Wednesday, April 05, 2023

The Importance of Teaching Fractional Reserve Banking

I was recently chatting with someone who teaches introductory macroeconomics (not using my favorite textbook). He does not teach the students about money creation under fractional reserve banking, which he considers an unnecessary technicality, but he does teach them the following two statements about inflation.

  1. If the Fed lowers the interest rate on reserves, that policy stimulates economic activity in the short run and, via the Phillips curve, increases inflation.
  2. In the long run, the quantity theory of money explains inflation.

I agree with both of these statements, and I consider them critical for students to understand. But consider: How does one explain the transition from the short run to the long run?

The only way I know to answer this question is that a lower interest rate on reserves increases bank lending and expands the money supply by increasing the money multiplier. But if students don’t know about how banks create money under fractional reserve banking, they are not equipped to understand this logic.

The bottom line: The traditional pedagogy about how banks influence the money supply remains important if students are to understand the economics of inflation.
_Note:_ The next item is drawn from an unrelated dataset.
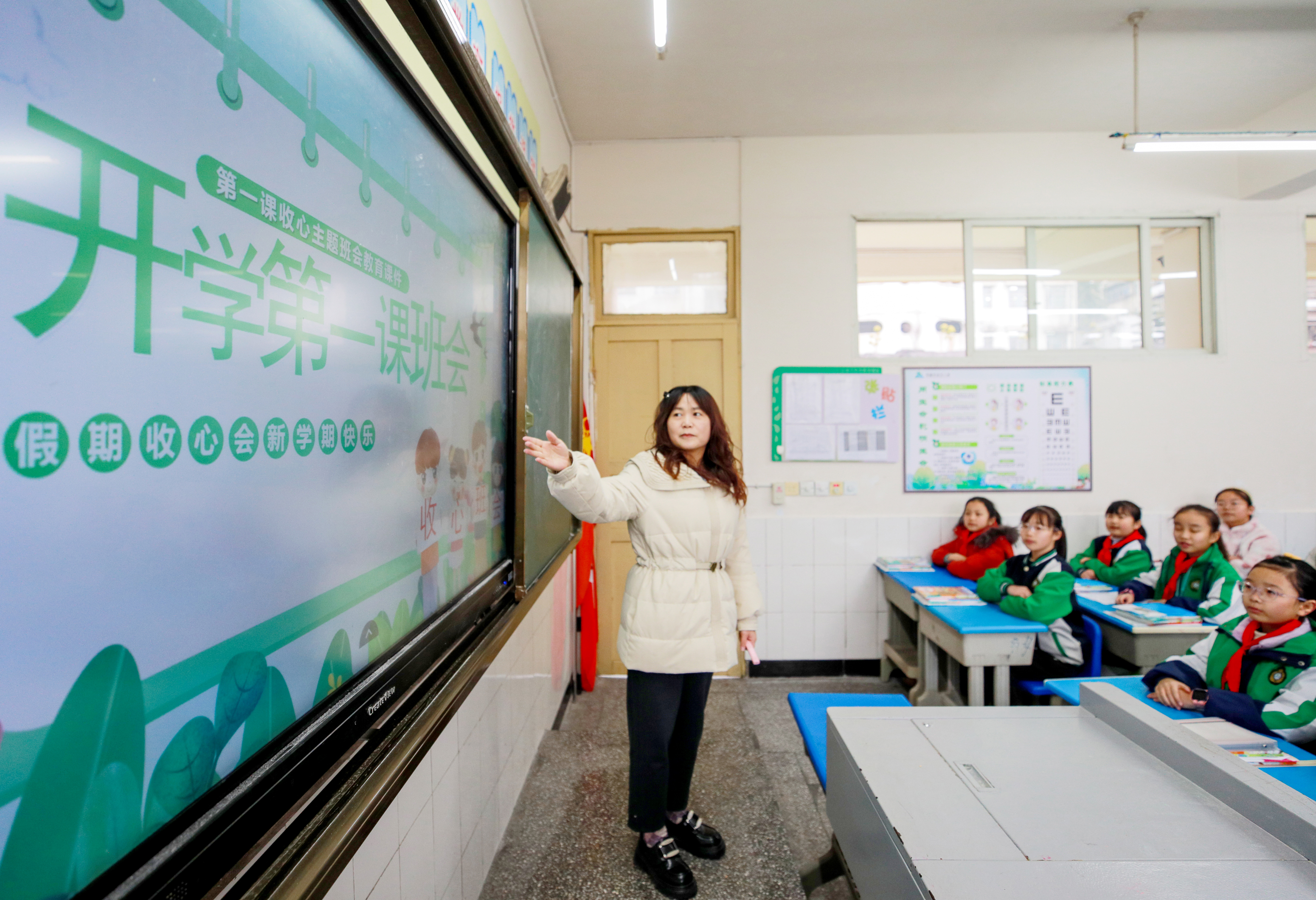 2月25日,四川省华蓥市双河小学五年级的老师在新学期开学第一课主题班会上,给学生讲解思想品德和“爱国主义教育法”等知识。

Update: This post generated more than the usual amount of confusion and misdirection on Twitter. So let me explain my logic more slowly:

  1. It is useful to teach the quantity theory of money (M and P are parallel) as a long-run equilibrium condition, regardless of which direction causality runs.
  2. It is useful for students to know that cutting the interest rate on reserves is expansionary for aggregate demand and, over time, inflationary. That is, it raises P.
  3. To complete the story, you need to explain how cutting the interest rate on reserves raises M.
  4. To be sure, lower interest rates increase the quantity of money demanded. But you also must explain the quantity of money supplied.
  5. The money supply M equals m*B, where m is the money multiplier and B is the monetary base (currency plus reserves).
  6. Cutting the interest on reserves (unlike open-market operations) does not change B. So if it changes the money supply M, it must work through the money multiplier m.
  7. One cannot understand the money multiplier m without understanding fractional reserve banking. (Under 100-percent-reserve banking, m is fixed at 1.)